Meaning, we smile, you smile, you accept that there is nothing wrong with the strong not waiting for the weak, it is clearly the way of the world. You have to keep up, or you die. In the end, you did not die, all’s well that ends well and you go out for a nice meal, pretending, for the sake of old friendship, that nothing is amiss. Why get angry just because you were treated thoughtlessly? This is a lesson you learned as a baby, you show you’re fine by acting fine and everything is as fine as it can be.
Being abandoned emotionally when you feel most in need of reassurance from loved ones, is that something you should ever accept? Imagine what is going through the minds of those who turn away when they know you are most in need. Imagine what makes them so angry afterward that you can be so unfair as to question their love just because they didn’t reach out after they promised to. Imagine the immensity of the damage that makes someone act like that.

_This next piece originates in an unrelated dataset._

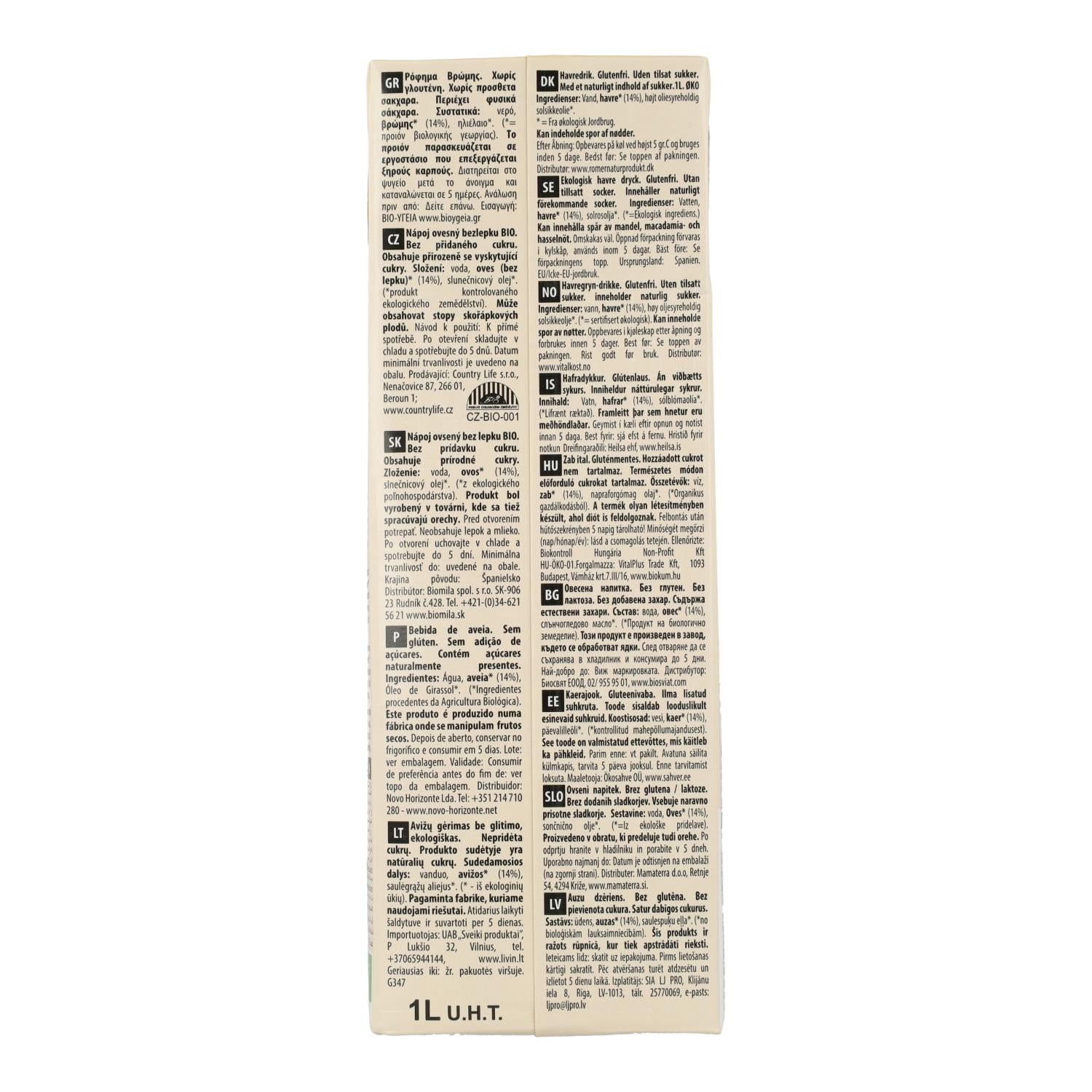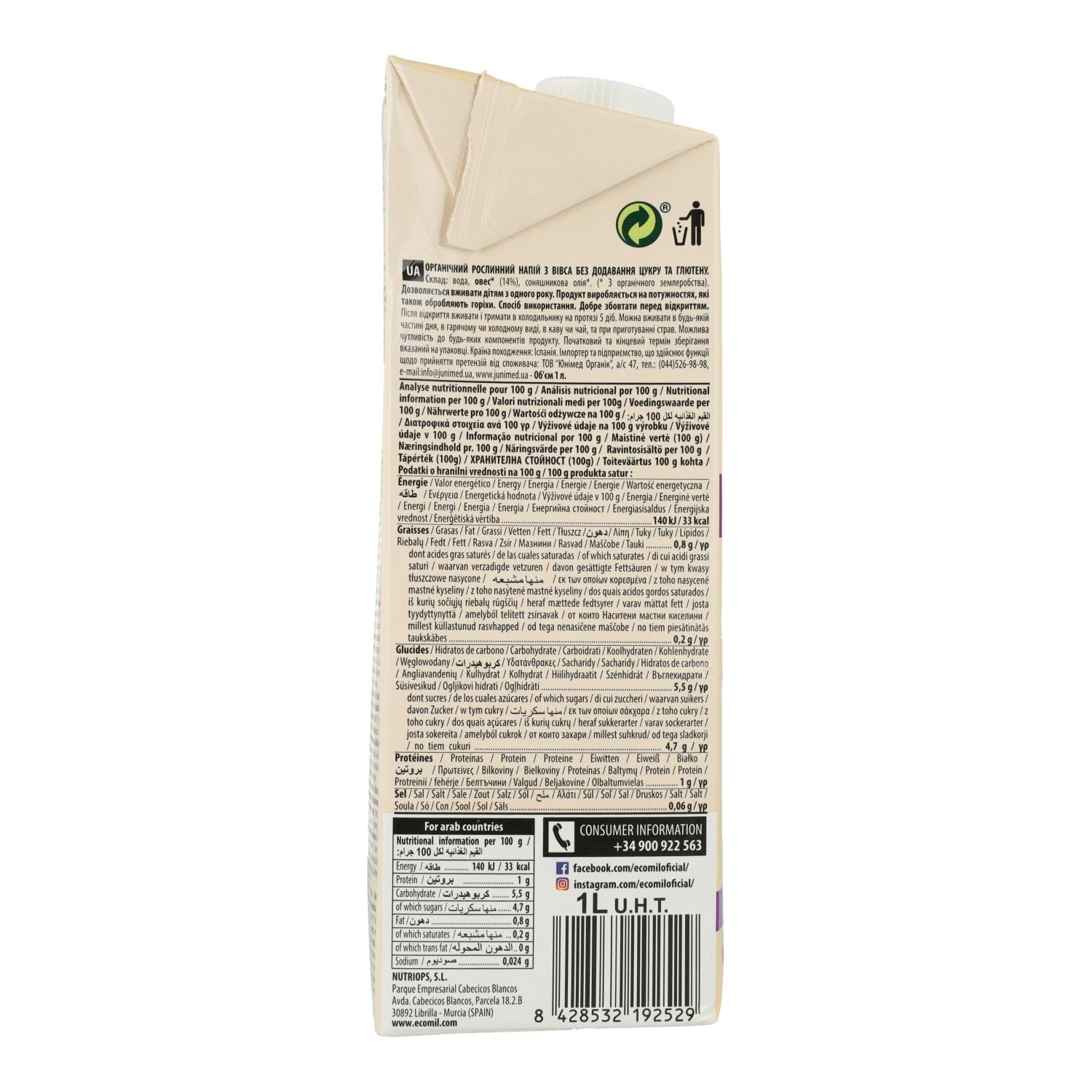 All information on "Ecomil Organic Gluten-Free Oat Drink 1 L"

Whatever it was, can you really accept a lack of basic empathy from a person who claims to love you? It harms you in a place where healing is very difficult, it attacks your ability to trust.
I feel great fear for the adult son of parents who live by this ruthless credo of strength and shifting all blame to others. The son feels he lacks the basic strength of an ordinary person, because, in fundamental ways, he has always been struggling to keep up with the illusion of vigor, indomitability and self-sufficiency his parents have set before him.
If he can’t accept something as basic as that, maybe he’s not ready to take his place as heir to their good name. I wonder if they really meant to teach their children the ruthless truth that someone they love can be removed from the world because their parents insist, in spite of they guy being alive and well, and desperately hoping to speak to the one most clearly in danger, that he is fucking dead to them.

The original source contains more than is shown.